The three of them looked at each other and silently elected Lundkvist, their military leader, to speak.

"Well, Captain Pam, I think we should go ahead with our plan. Despite the misfortune, our men are wound up and ready for battle, and we should use that to our advantage. I say we go in today."

The other two nodded their agreement.

"In addition to that," Gerbald added, "I can already feel my hair growing back. If we wait until tomorrow you will have to shave us all over again. I for one prefer to play the part of a hunting wolf, not a sheared sheep." Gerbald's face was a perfect picture of distaste at the thought of having his head shaved again.
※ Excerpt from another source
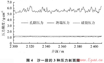 要在九龍山構(gòu)造安全開展欠平衡鉆井,前提是必須滿足井壁穩(wěn)定條件。測井資料表明,沙一段至珍珠沖組井段多含有泥巖段。因此,有必要采用泥頁巖水化模型分析坍塌壓力剖面。為此,本文利用測井資料,采用加拿大STAB-WELL欠平衡鉆井井壁穩(wěn)定分析軟件對不同層位進行井壁穩(wěn)定計算。圖4是沙一段的3種壓力剖面。從圖4中可以看出,該段破裂壓力高,孔隙壓力梯度為1.254g/cm3,最高坍塌壓力梯度為1.094g/cm3,欠平衡設(shè)計的鉆井液密度必須要高于最低坍塌壓力梯度,設(shè)計的范圍為1.10~1.25g/cm3。圖5是千佛巖組層段的3種壓力剖面,計算結(jié)果表明,該段最高坍塌壓力梯度為1.10g/cm3,欠平衡設(shè)計的鉆井液密度必須高于最低坍塌壓力梯度,設(shè)計的范圍為1.10~1.25g/cm3。

They all shared a quiet laugh, humor so often being the best way to deal with stress. Pam was silently thankful to her old friend for his good cheer in the face of danger. "All right then, let's do it." she told them, feeling her resolve grow again. "Dore, let's get the make-up ready."

The three men all moaned in unison, dreading further torture at the hands of these formidable Valkyries. Despite their concern for Pers, they made the effort to play their parts, by cackling and rub their hands with threatening glee.

As the men went to round up the crew for their make-up session, Dore motioned for Pam to wait. She produced a folded cloth, one end of which she handed to Pam. Together, they opened it up to reveal a hand-sewn flag.

Pam gasped with delight. It was made from silk, of which there was plentiful variety and supply on their captured Chinese junk. The base was a rich sky-blue and over it was sewn a golden cross, in the Scandinavian style: the flag of Sweden. Behind the cross a black saltire ran from the corners with two gold stars on each band, just like the flag of the United States of Europe. Finally, to Pam's great delight, a gray dodo outlined with black thread occupied the center, complete with a shiny, gold button for an eye.

"Wow!" she exclaimed in English, then switched to German, which Dore was more comfortable using. "Dore! It's fantastic! How did you manage to do this?" Pam asked her grinning friend, who was a-glow with one of her very rare demonstrations of pride.

"I have some talents beyond the galley, you know. That oaf of a husband of mine was always tearing up his clothes in battle, or while running down some poor creature in the woods; someone had to mend them! If left to his own devices he would go about in nothing but rags. Just look at his hat! I became fairly handy with the needle and thread," she said in modest tones, although it was plain she was highly pleased with her work, which was perfectly executed.

Pam hugged her, the flag squished between them. "Thank you, Dore. It's wonderful! We needed something like this; it will help morale. A fine flag for our new colony. Really, you are a wonder!"

Dore took it gently from Pam to fold it neatly up again.

"Today, when the time is right, we will raise it here from this deck," Pam promised her. "Then, we will fly it over the colony once it has been freed! Dore, you have outdone yourself, you are the best!" Pam was deeply moved at her friend's clever thoughtfulness, and felt some of the fear that had been building in her throughout the day ease its clutches. "Now, let's go paint our men yellow."